I tried growing pumpkins for the 1st time...way successfull...
I'd heard they could be cooked like potatoes....mashed, whip't
and maybe fried, I dunno....anybody got in experience on this
subject? not real crazey about pumpkin pie.................._BH51._


----------



## Arky (Aug 15, 2009)

I LOVE candied pumpkin!! And I roast the salt water soaked seeds into a great snack.

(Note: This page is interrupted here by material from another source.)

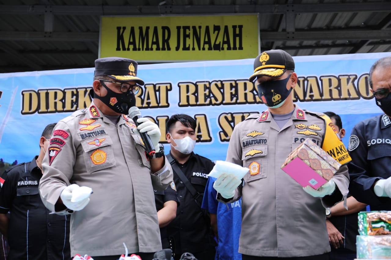 Medan, skalainfo.net | Kapolda Sumut Irjen Pol. Drs. Martuani Sormin M. Si pimpin konferensi pers pengungkapan tindak pidana narkotika seberat 16 kg oleh Ditresnarkoba Polda Sumut bertempat di depan Kamar jenazah RS. Bhayangkara TK ll Medan. Kamis ( 17/12/20),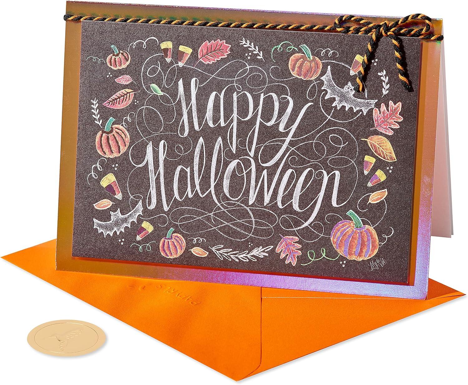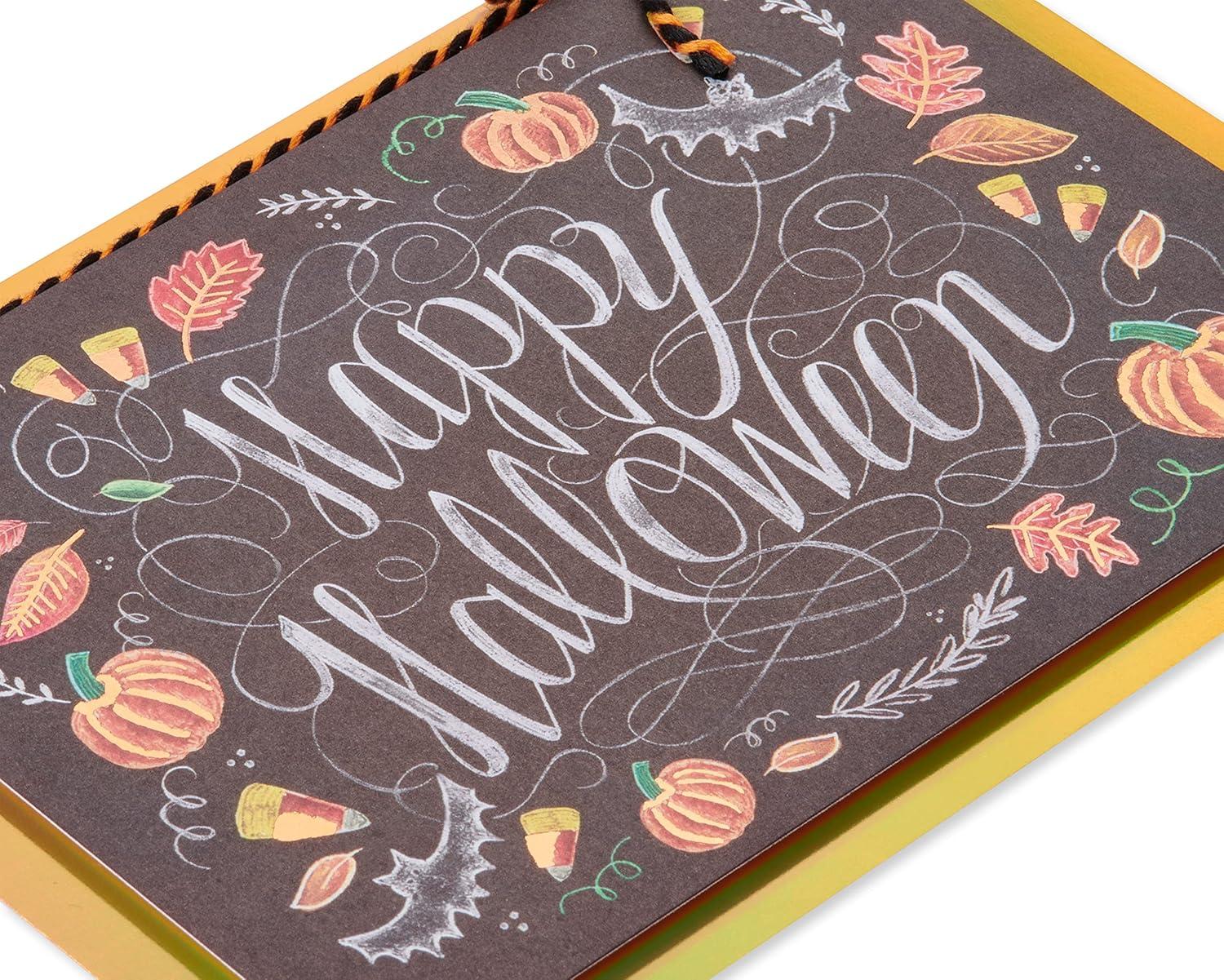 Wish them a wonderfully spooky day with this hand lettered premium Halloween card from Papyrus! Design uses the chalkboard style in a magical hand lettered script, surrounded by a colorful autumn border of candy corn, bats, and pumpkins, and embellished with metallic orange foil. Fun wish inside will get them in a Halloween mood! Perfect for any Halloween lover in your life, like friend, family, child, son, daughter, grandson, granddaughter, niece, nephew, teacher, student, coworker, neighbor, and more. Includes an orange envelope and unique Papyrus gold seal. Extra postage may be required.

*                             INGREDIENTS*



                                     1/4 cup unsalted butter
                                     3 cups fresh pumpkin, cut into 1/2-inch cubes
                                     1/3 cup white sugar
                                     1 tablespoon minced fresh ginger
                                     1/2 teaspoon ground cinnamon
                                                                                    DIRECTIONS                                                           

 Melt the butter in a large skillet over medium-low heat. Cook the pumpkin in the butter until tender, about 20 minutes. Add the sugar and stir until dissolved. Stir in the ginger and cinnamon; remove from heat and allow to cool. Transfer to a bowl and cover. Refrigerate at least 2 hours before serving.


----------



## Andy M. (Aug 15, 2009)

BH51 said:


> I tried growing pumpkins for the 1st time...way successfull...
> I'd heard they could be cooked like potatoes....mashed, whip't
> and maybe fried, I dunno....anybody got in experience on this
> subject? not real crazey about pumpkin pie.................._BH51._




Pumpkin, like other winter squashes, can be baked and mashed with butter.  I've never fried them but I have had sweet potato fries...


----------



## Wyogal (Aug 15, 2009)

with sage and garlic...


----------



## Bev Stayart (Aug 17, 2009)

Thanks for the recipe for candied pumpkin.


----------



## bigbuglv (Aug 18, 2009)

pumpkins taste sweet already. So easiest way is to stir fry with garlic and it taste good already


----------



## Thaicooking (Aug 18, 2009)

Right!! I ususlly use pumpkin instead of potato.. Pumpkin taste is much more sweet. I like it!


----------



## MostlyWater (Aug 21, 2009)

it's a squash and really good for you.  i prefer it cold, but try it and see.  a sweet potato or butternut squash could be similar choices.  i don't know how they grow, though.


----------